:: EXTRACTED INFORMATION ::
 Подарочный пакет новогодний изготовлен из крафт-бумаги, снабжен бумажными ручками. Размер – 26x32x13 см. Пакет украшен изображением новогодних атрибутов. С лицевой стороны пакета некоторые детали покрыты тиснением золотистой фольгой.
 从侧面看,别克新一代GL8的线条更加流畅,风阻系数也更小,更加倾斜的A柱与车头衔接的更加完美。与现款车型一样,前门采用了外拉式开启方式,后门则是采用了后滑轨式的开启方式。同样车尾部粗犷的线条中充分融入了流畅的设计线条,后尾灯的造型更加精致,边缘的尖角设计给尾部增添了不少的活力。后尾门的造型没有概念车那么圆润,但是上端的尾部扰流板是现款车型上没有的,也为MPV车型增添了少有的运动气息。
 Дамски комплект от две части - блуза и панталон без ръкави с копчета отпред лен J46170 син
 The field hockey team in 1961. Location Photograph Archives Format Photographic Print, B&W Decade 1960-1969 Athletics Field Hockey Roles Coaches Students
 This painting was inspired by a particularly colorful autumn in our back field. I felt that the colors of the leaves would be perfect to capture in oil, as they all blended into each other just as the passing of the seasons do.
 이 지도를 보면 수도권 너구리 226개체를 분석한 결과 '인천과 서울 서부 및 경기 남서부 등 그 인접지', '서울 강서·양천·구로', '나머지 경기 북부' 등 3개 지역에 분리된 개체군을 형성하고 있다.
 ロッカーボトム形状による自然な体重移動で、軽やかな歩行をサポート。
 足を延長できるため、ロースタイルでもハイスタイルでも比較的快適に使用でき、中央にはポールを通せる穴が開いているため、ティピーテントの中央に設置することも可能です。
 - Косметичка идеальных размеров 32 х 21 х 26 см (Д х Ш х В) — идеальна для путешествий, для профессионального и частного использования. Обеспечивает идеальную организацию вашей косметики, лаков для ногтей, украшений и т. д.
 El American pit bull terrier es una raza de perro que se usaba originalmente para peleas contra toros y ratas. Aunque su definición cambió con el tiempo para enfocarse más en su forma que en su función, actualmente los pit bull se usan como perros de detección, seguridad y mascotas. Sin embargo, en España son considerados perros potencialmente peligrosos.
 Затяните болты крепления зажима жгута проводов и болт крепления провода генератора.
:::
→ **WORK REQUIRED**
Word for word, print every line above.

→ **RESULT FOR THIS TASK**
 Подарочный пакет новогодний изготовлен из крафт-бумаги, снабжен бумажными ручками. Размер – 26x32x13 см. Пакет украшен изображением новогодних атрибутов. С лицевой стороны пакета некоторые детали покрыты тиснением золотистой фольгой.
 从侧面看,别克新一代GL8的线条更加流畅,风阻系数也更小,更加倾斜的A柱与车头衔接的更加完美。与现款车型一样,前门采用了外拉式开启方式,后门则是采用了后滑轨式的开启方式。同样车尾部粗犷的线条中充分融入了流畅的设计线条,后尾灯的造型更加精致,边缘的尖角设计给尾部增添了不少的活力。后尾门的造型没有概念车那么圆润,但是上端的尾部扰流板是现款车型上没有的,也为MPV车型增添了少有的运动气息。
 Дамски комплект от две части - блуза и панталон без ръкави с копчета отпред лен J46170 син
 The field hockey team in 1961. Location Photograph Archives Format Photographic Print, B&W Decade 1960-1969 Athletics Field Hockey Roles Coaches Students
 This painting was inspired by a particularly colorful autumn in our back field. I felt that the colors of the leaves would be perfect to capture in oil, as they all blended into each other just as the passing of the seasons do.
 이 지도를 보면 수도권 너구리 226개체를 분석한 결과 '인천과 서울 서부 및 경기 남서부 등 그 인접지', '서울 강서·양천·구로', '나머지 경기 북부' 등 3개 지역에 분리된 개체군을 형성하고 있다.
 ロッカーボトム形状による自然な体重移動で、軽やかな歩行をサポート。
 足を延長できるため、ロースタイルでもハイスタイルでも比較的快適に使用でき、中央にはポールを通せる穴が開いているため、ティピーテントの中央に設置することも可能です。
 - Косметичка идеальных размеров 32 х 21 х 26 см (Д х Ш х В) — идеальна для путешествий, для профессионального и частного использования. Обеспечивает идеальную организацию вашей косметики, лаков для ногтей, украшений и т. д.
 El American pit bull terrier es una raza de perro que se usaba originalmente para peleas contra toros y ratas. Aunque su definición cambió con el tiempo para enfocarse más en su forma que en su función, actualmente los pit bull se usan como perros de detección, seguridad y mascotas. Sin embargo, en España son considerados perros potencialmente peligrosos.
 Затяните болты крепления зажима жгута проводов и болт крепления провода генератора.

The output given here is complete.